The former Arkansas governor frequently spins the tale to voters of his cash-strapped upbringing in the little town of Hope, Ark. But he's hardly a pauper these days, and used a gift registry to help furnish his new home after leaving the governor's mansion where he lived for 10 years. He made nearly $75,000 as Arkansas governor plus a pension and also has brought in $300,000 in book sales, royalties and honoraria. He has between $331,000 and $815,000 in investments, and tens of thousands of dollars in savings and stocks.
Thompson made his tax-bracket remark as he answered a question about taxes.
In his Southern drawl, he always reminds voters of his early small-town boyhood in tiny Lawrenceburg, Tenn. However, during his eight years in the Senate, he made the rounds on Washington's exclusive party circuit, and he spent more then a decade in Hollywood circles while he starred in TV shows and big-screen films. He made millions as an actor and now lives in a Washington, D.C., suburb.
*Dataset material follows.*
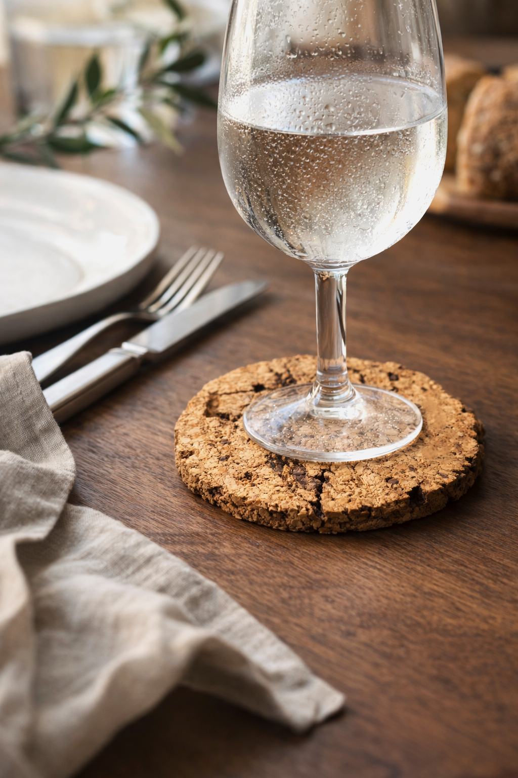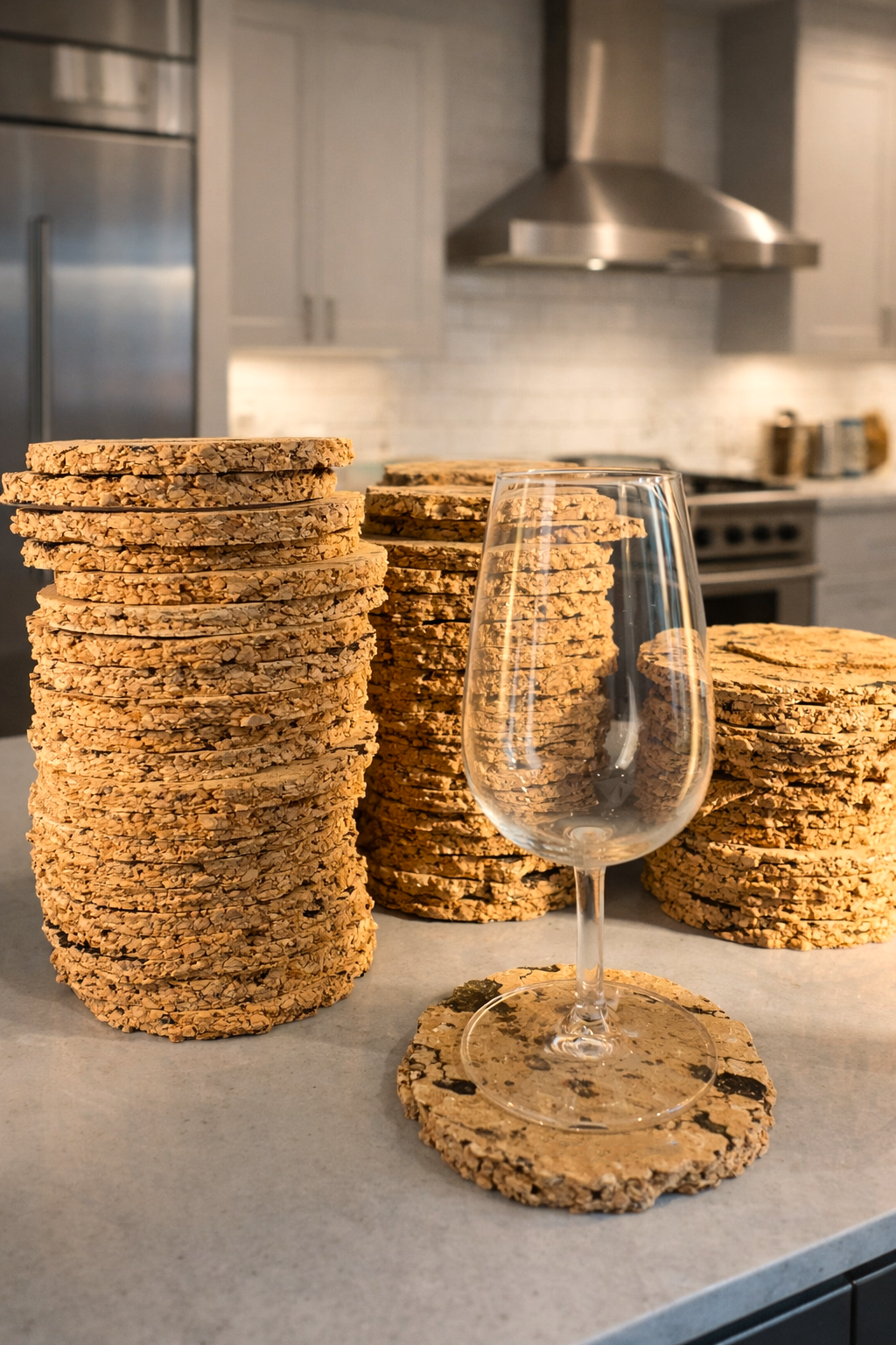 • Bases de cortiça redondas empilhadas num balcão de cozinha com copo de vidro por cima
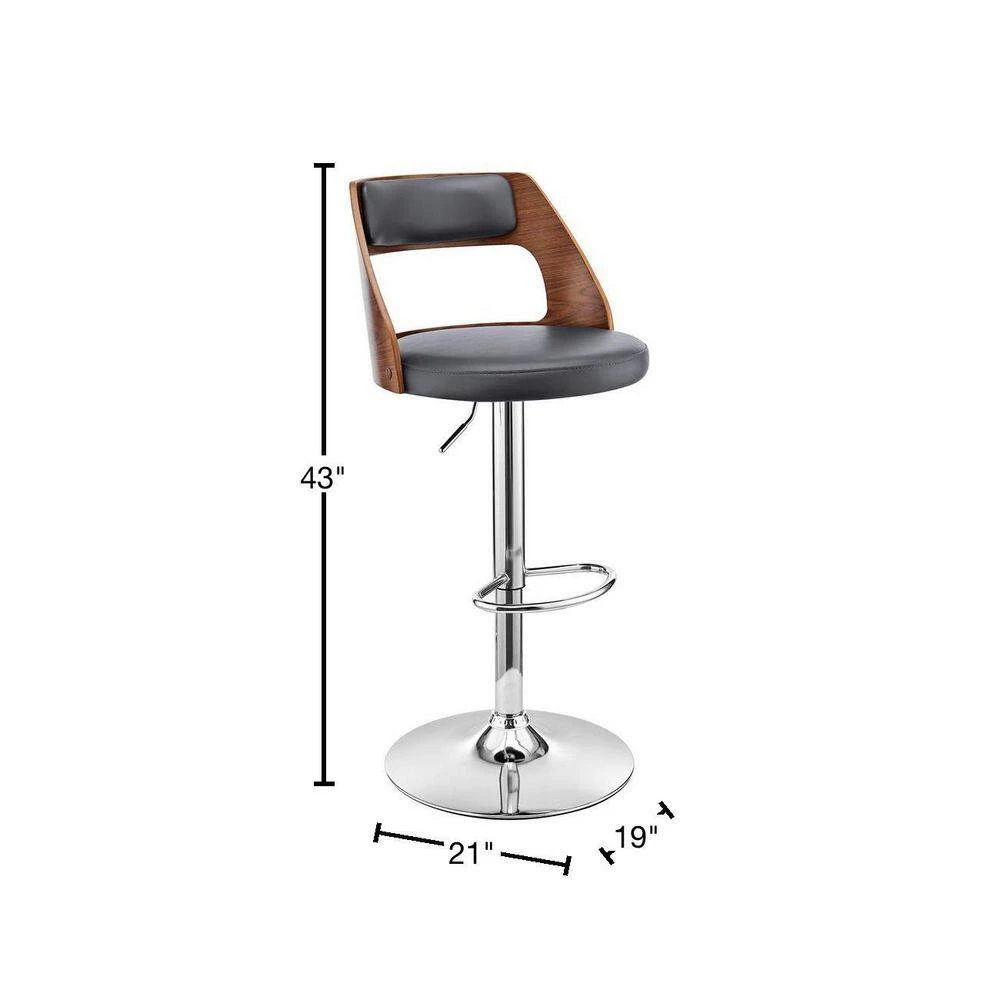 The Itzan Adjustable Swivel Gray Faux Leather and Walnut Wood Bar Stool with Chrome Base is the ideal addition to any home or apartment. The wide seat and ergonomic design is capable of keeping you comfortable and relaxed as long as you like. This stool combines mid-century aesthetics with a dash of retro chic glamour. The adjustable seat height functionality allows you to use this stool at your kitchen island, home bar, or peninsula without having to worry about the surface height. The convenient swivel function optimizes everyday use or entertaining, keeping everyone engaged regardless of their place in the room. The plush padded and high-density foam seat and back rest atop a strong pedestal base that creates a sturdy and comfortable seating experience. The Itzan is available to you in Gray faux leather with black wood and a black base, cream or Gray faux leather with walnut wood and a chrome base.

Unlike the two of them, Romney has a privileged pedigree, having grown up in tony Bloomfield Hills, Mich., as the son of a former governor and chairman of American Motors. After leaving home, Romney attended Harvard law and business schools, and quickly earned millions of dollars as a venture capitalist. He has three homes, a colonial in Belmont, Mass., that has a tennis court, a lakeside house in Wolfeboro, N.H., with a boat house and stables, and a wood-beamed ski house in Deer Valley, Utah.
He glosses over all that as he campaigns, mindful that much of the country probably can't relate.
Despite his background, Romney says his policies on immigration, spending, and health care could appeal to those in the middle class and below.
"I'm proud of the record that I have in making the difference in the lives of everyday Americans," he says.